Question

Let the probability of getting head for a biased coin be \(\frac{1}{4}\) . It is tossed repeatedly until a head appears. Let N be the number of tosses required. If the probability that the equation \(64x² + 5Nx + 1 = 0\) has no real root is \(\frac{p}{q}\) , where p and q are co-prime, then q – p is equal to _______.

Answer 1

Correct Answer: 27

We start with the quadratic equation: 

\( 64x^2 + 5Nx + 1 = 0 \)

This is the given equation for analysis.

Step 1: Determine the condition for real roots

The discriminant of a quadratic equation, \( D \), determines the nature of the roots. Here:

\( D = 25N^2 - 256 < 0 \)

For the roots to be non-real, the discriminant must be negative.

Step 2: Solve for \( N \)

Simplify the inequality:

\( N^2 < \frac{256}{25} \implies N < \frac{16}{5}. \)

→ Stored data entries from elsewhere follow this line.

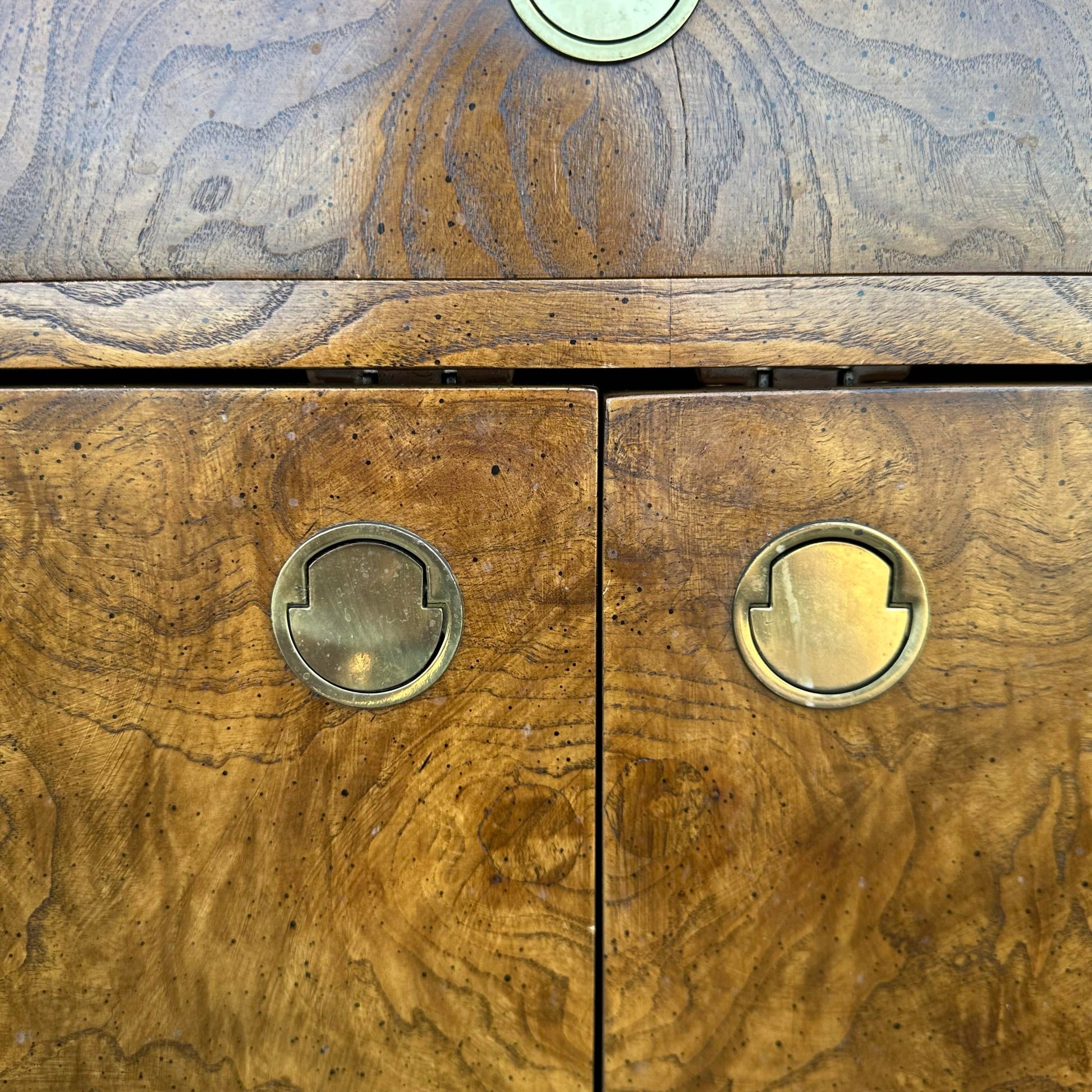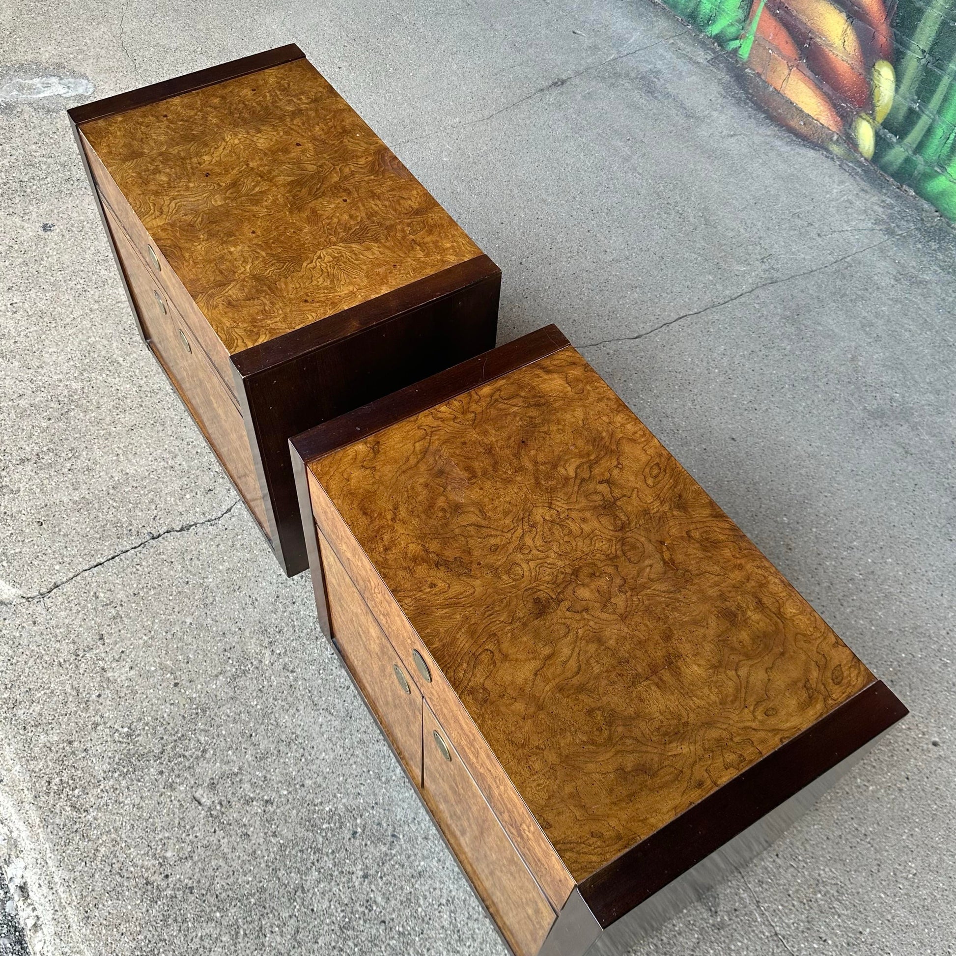 Pair of end tables from Century Furniture. These end tables feature burlwood panels with contrasting walnut sides. The drawer pulls are round brass campaign-style pulls that lay flush when not in use. These end tables have one long slim drawer at the top and two doors that open to a large storage compartment. Makers mark in top drawer.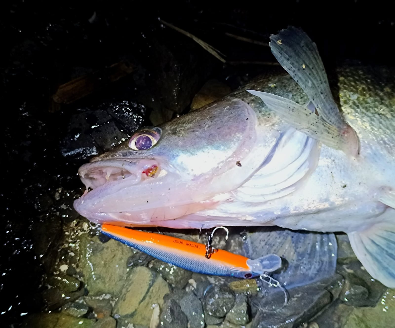 Ну как показал мой опыт рыбалки, для ловли судака ночью с берега лучше всего подходят воблера от 70 мм до 110 мм. Поэтому лучше брать «золотую середину». Это один из доводов в пользу TsuYoki Lector, так как длина этого воблера составляет 90 мм. В таком размере приманка получается максимально универсальной – ее активно атакует судак ночью (ну и в сумерках), ее не боится голавль, крупный окунь тоже не пройдет мимо, ну а щуке вообще все равно что и где «есть». Следующий параметр, который интересует – это заглубление. Тут TsuYoki Lector немного недотягивает до «моего идеала». Заглубление воблера колеблется в диапазоне от 0,5м до 0,8м. Вроде мало, но, если ловить на тонком шнуре, например, #0.6РЕ, то загнать можно воблерок на глубину до 1,1-1,2 м.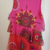Naisten kerroksellinen toppi kirkkailla väreillä ja kuvioilla.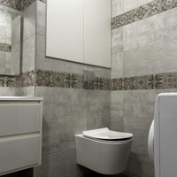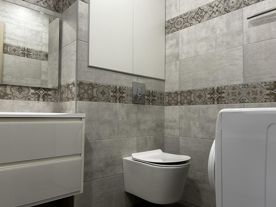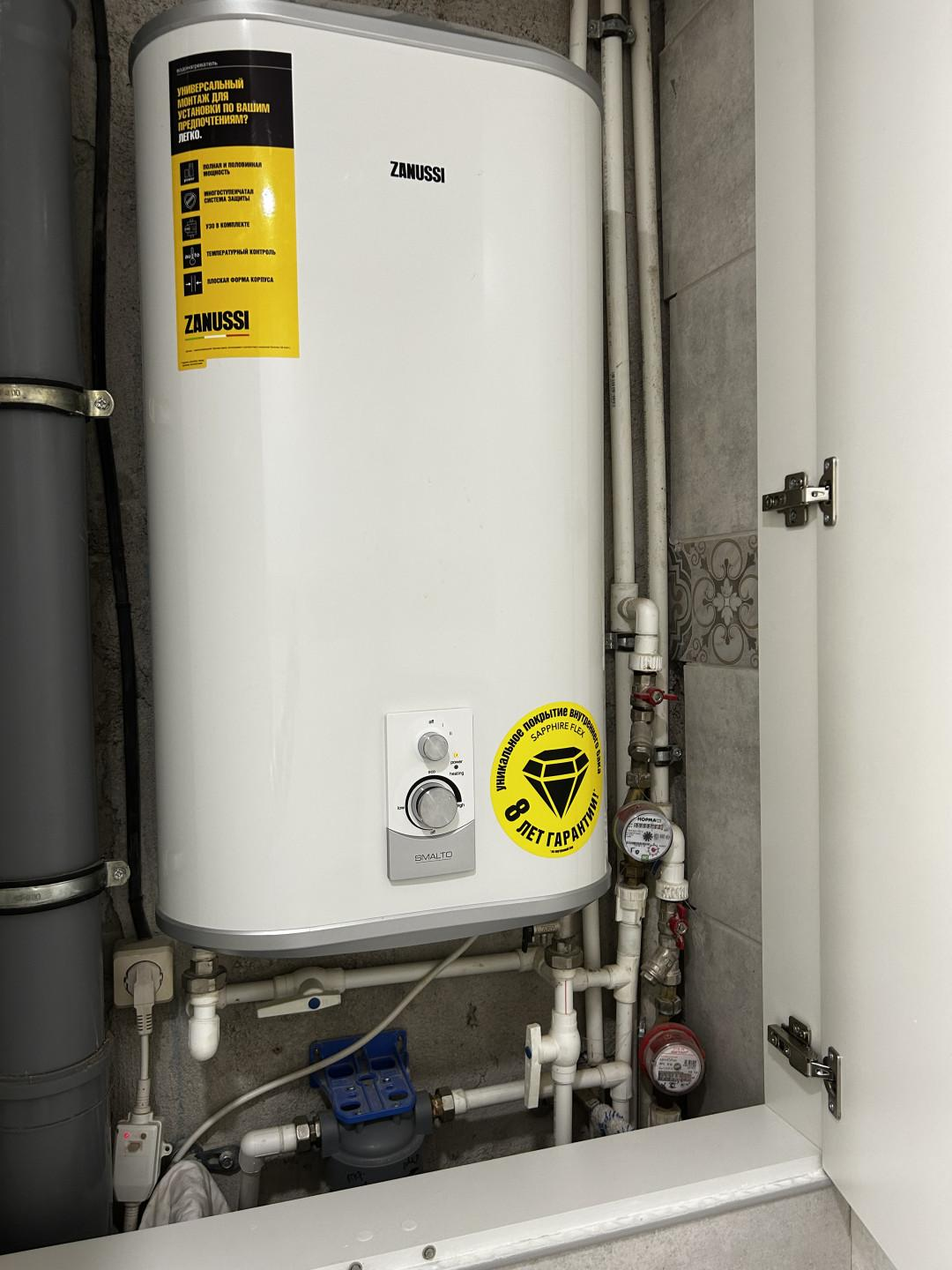 8. Санузел совмещен, на полу керамогранит, установлен унитаз инсталляция, водонагреватель 50 литров

Since \( N \) must be an integer, the possible values of \( N \) are:

\( N = 1, 2, 3. \)

Step 3: Calculate the probability

For each valid \( N \), there are different probabilities. These are calculated as follows:

\( \text{Probability} = \frac{1}{4} + \frac{3}{4} \cdot \frac{1}{4} + \frac{3}{4} \cdot \frac{1}{4} \cdot \frac{1}{4}. \)

Simplifying:

\( \text{Probability} = \frac{36}{64}. \)

Step 4: Find \( q - p \)

Let \( q = 37 \) and \( p = 10 \). Then:

\( q - p = 27. \)

Final Answer:

The value of \( q - p \) is \( 27 \).